For me, this song represents how I tackle life. Alone, and in practically everything I do. From Everyday problems to my homework, I like to solve and do things myself. Don't get me wrong though, I still have friends, and I'm quite a social guy.

​


----------



## Noldor_returned

Very good idea, but just one? I have two, one for happiness, one for those not so happy moments. However, one is loud, one is relatively soft.

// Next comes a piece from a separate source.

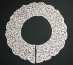 Comments: An Irish Crochet collar with a shamrock, flower and kind of snowflake motif of rings. It’s a bit of an assembly job without much thought to symmetry, but it has a nice overall look. Some staining especially on the neck edge, otherwise very good condition.
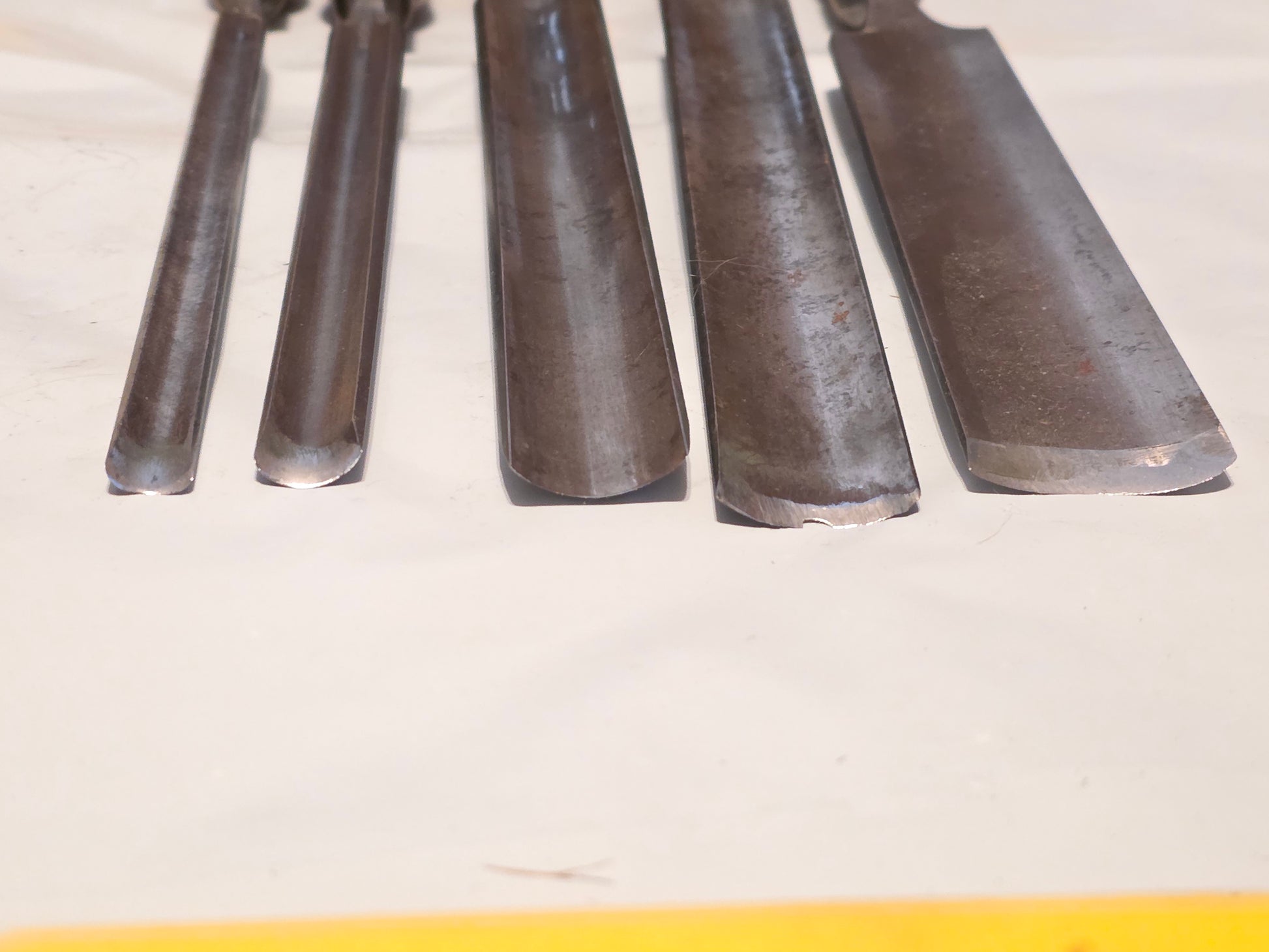 Good long shallow gouges. Needs a quick cleaning and edge touchups. Sizes are approximate and as follows. 7/16",1/2",7/8",1",1-5/16". Shortest gouge is ~13" overall. All are marked Sorby. A couple handle splits but the steel is in good shape!

Song one: If Everyone Cared by Nickelback. Call me a hippie or pacifist, but the chorus represents what I continually feel:



> If everyone cared and nobody cried
> If everyone loved and nobody lied
> If everyone shared and swallowed their pride
> Then we'd see the day when nobody died


 
Song Two: Determined by Mudvayne. Despite the coarse language, it pumps me up and makes me want to achieve amazing things. For those who don't know, the chorus goes as:


> GO, SO #^(&!%$ DETERMINED, YEAH
> YEAH GO, YOU BETTER BELIEVE IT CONFIDENCE
> GO, SO #^(&!%$ DETERMINED, YEAH
> YEAH GO, SPIT OUT ALL REASON, YEAH


It then has the following lines throughout the song:


> Clock's ticking on my 15 minutes of fame
> Come on now 1 2 3...
> ...Set my sight can't die until I'm done
> ...Never wanted any more than what I deserve,
> better bring it I'm takin' it all.
> #^(* an inch 'cause I'm bringin' a mile,
> ...This fire, is growing, it's burning, deep inside of me.
> Focused, driven, certain, the way it's got to be


Tell me that metal sung like this isn't good...

So basically, I want more love and confidence/motivation for the world. Imagine that...


----------



## Barliman Butterbur

Ermundo said:


> ...what song do you know that you think represents your feelings, beliefs, personality, and life.



"Does the Chewing Gum Lose Its Flavor on the Bedpost Overnight"

Barley


----------



## Ithrynluin

David Bowie's _Thursday's Child_. It's sad but hopeful, and a bit odd at times, but that's part of its charm. Other than that, I won't go into a whole spiel as to why I chose this particular song, because it's difficult to pinpoint just what it is about it. 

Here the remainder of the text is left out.